## What to do
With images excluded, write out each entry below exactly as given.

Records contained in a dataset

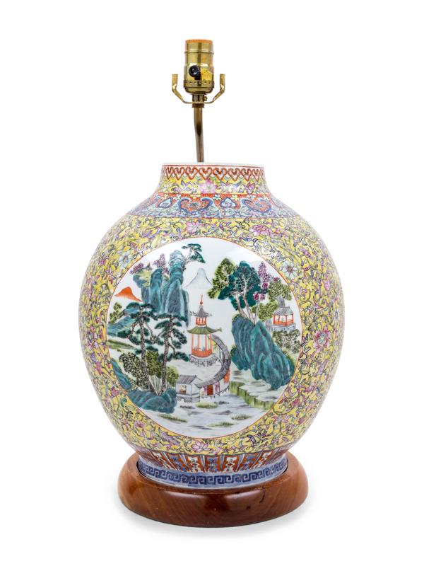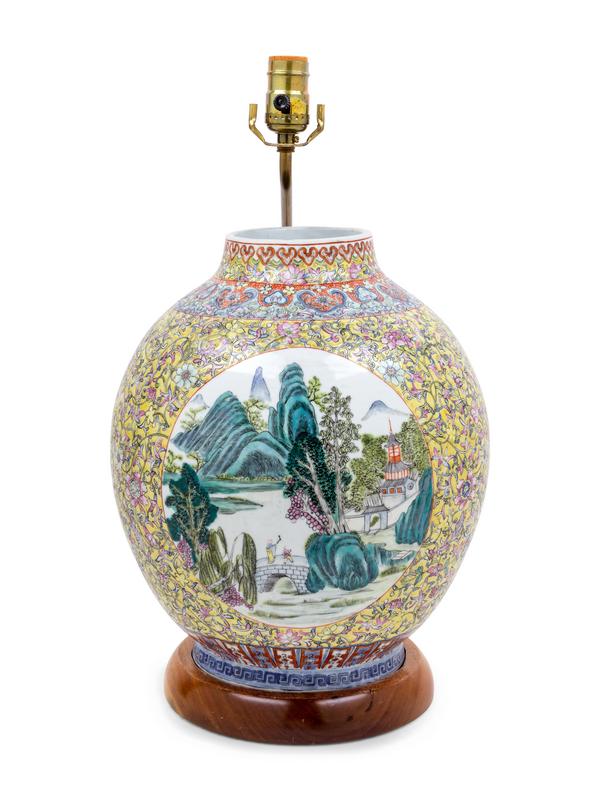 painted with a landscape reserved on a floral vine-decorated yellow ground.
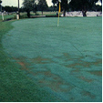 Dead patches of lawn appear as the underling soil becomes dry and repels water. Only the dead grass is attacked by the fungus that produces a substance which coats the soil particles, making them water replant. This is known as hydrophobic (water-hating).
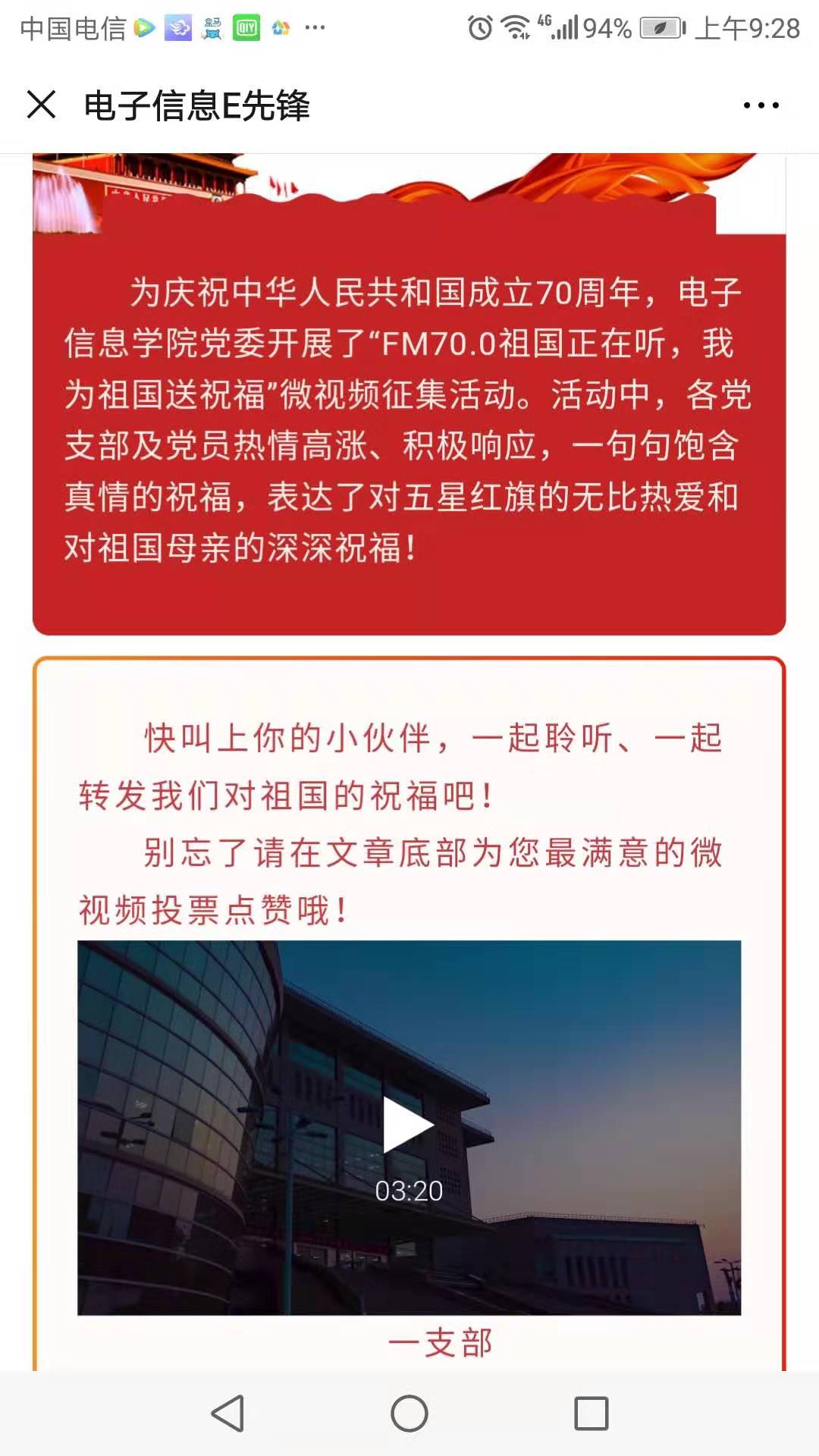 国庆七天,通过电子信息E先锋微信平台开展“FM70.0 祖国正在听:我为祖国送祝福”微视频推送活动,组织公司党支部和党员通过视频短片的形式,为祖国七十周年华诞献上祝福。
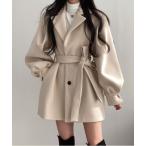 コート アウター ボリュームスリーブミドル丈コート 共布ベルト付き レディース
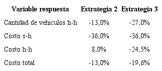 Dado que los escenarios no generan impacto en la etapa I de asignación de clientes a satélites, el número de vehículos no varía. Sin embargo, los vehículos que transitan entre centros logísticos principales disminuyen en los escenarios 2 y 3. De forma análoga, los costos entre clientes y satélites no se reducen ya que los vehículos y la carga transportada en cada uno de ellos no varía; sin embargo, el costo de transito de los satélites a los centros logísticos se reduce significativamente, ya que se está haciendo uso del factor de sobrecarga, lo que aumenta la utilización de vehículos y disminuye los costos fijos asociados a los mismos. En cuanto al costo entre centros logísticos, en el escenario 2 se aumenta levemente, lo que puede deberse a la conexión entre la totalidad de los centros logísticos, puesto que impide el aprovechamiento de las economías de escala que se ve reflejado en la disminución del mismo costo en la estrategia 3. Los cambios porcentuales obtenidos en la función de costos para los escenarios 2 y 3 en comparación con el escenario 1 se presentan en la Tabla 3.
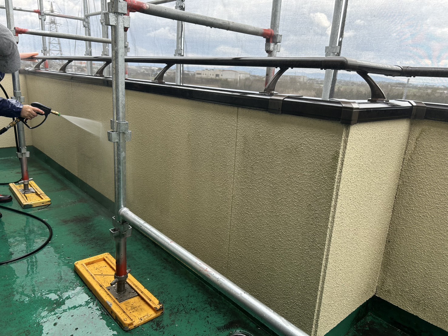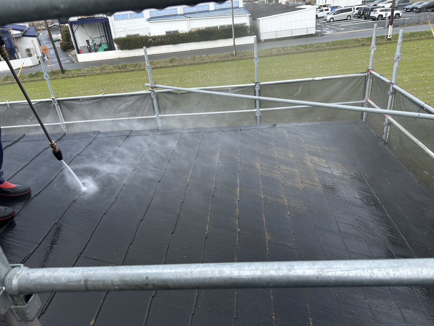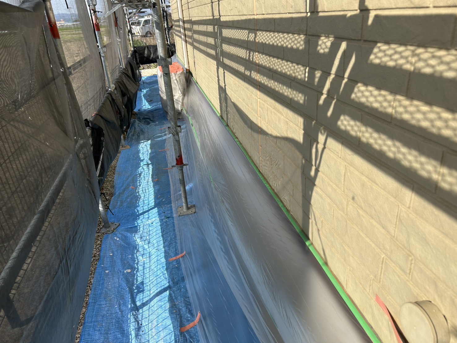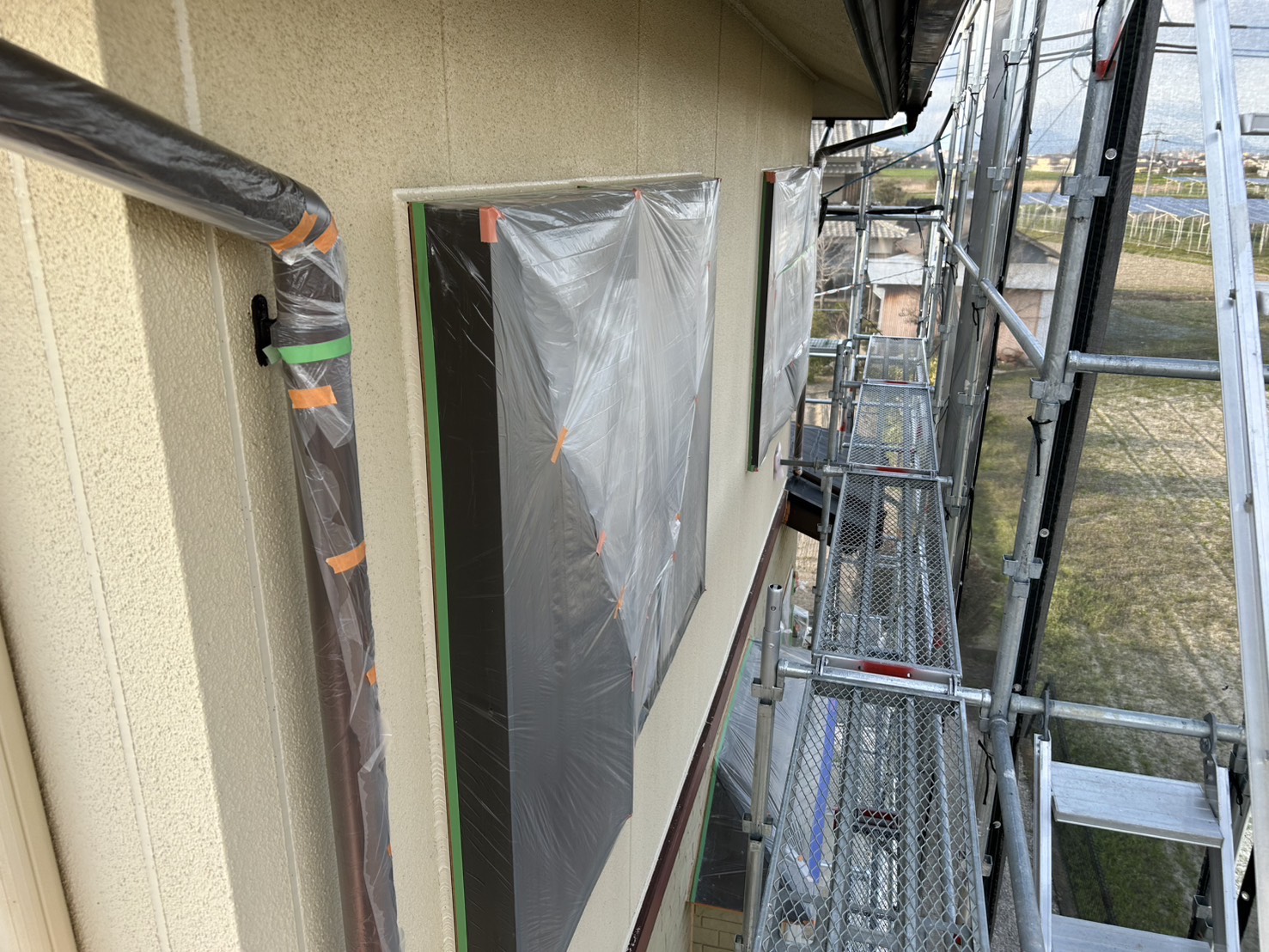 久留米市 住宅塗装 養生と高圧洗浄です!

## Completed task
 painted with a landscape reserved on a floral vine-decorated yellow ground.
 Dead patches of lawn appear as the underling soil becomes dry and repels water. Only the dead grass is attacked by the fungus that produces a substance which coats the soil particles, making them water replant. This is known as hydrophobic (water-hating).
 国庆七天,通过电子信息E先锋微信平台开展“FM70.0 祖国正在听:我为祖国送祝福”微视频推送活动,组织公司党支部和党员通过视频短片的形式,为祖国七十周年华诞献上祝福。
 コート アウター ボリュームスリーブミドル丈コート 共布ベルト付き レディース
 Dado que los escenarios no generan impacto en la etapa I de asignación de clientes a satélites, el número de vehículos no varía. Sin embargo, los vehículos que transitan entre centros logísticos principales disminuyen en los escenarios 2 y 3. De forma análoga, los costos entre clientes y satélites no se reducen ya que los vehículos y la carga transportada en cada uno de ellos no varía; sin embargo, el costo de transito de los satélites a los centros logísticos se reduce significativamente, ya que se está haciendo uso del factor de sobrecarga, lo que aumenta la utilización de vehículos y disminuye los costos fijos asociados a los mismos. En cuanto al costo entre centros logísticos, en el escenario 2 se aumenta levemente, lo que puede deberse a la conexión entre la totalidad de los centros logísticos, puesto que impide el aprovechamiento de las economías de escala que se ve reflejado en la disminución del mismo costo en la estrategia 3. Los cambios porcentuales obtenidos en la función de costos para los escenarios 2 y 3 en comparación con el escenario 1 se presentan en la Tabla 3.
 久留米市 住宅塗装 養生と高圧洗浄です!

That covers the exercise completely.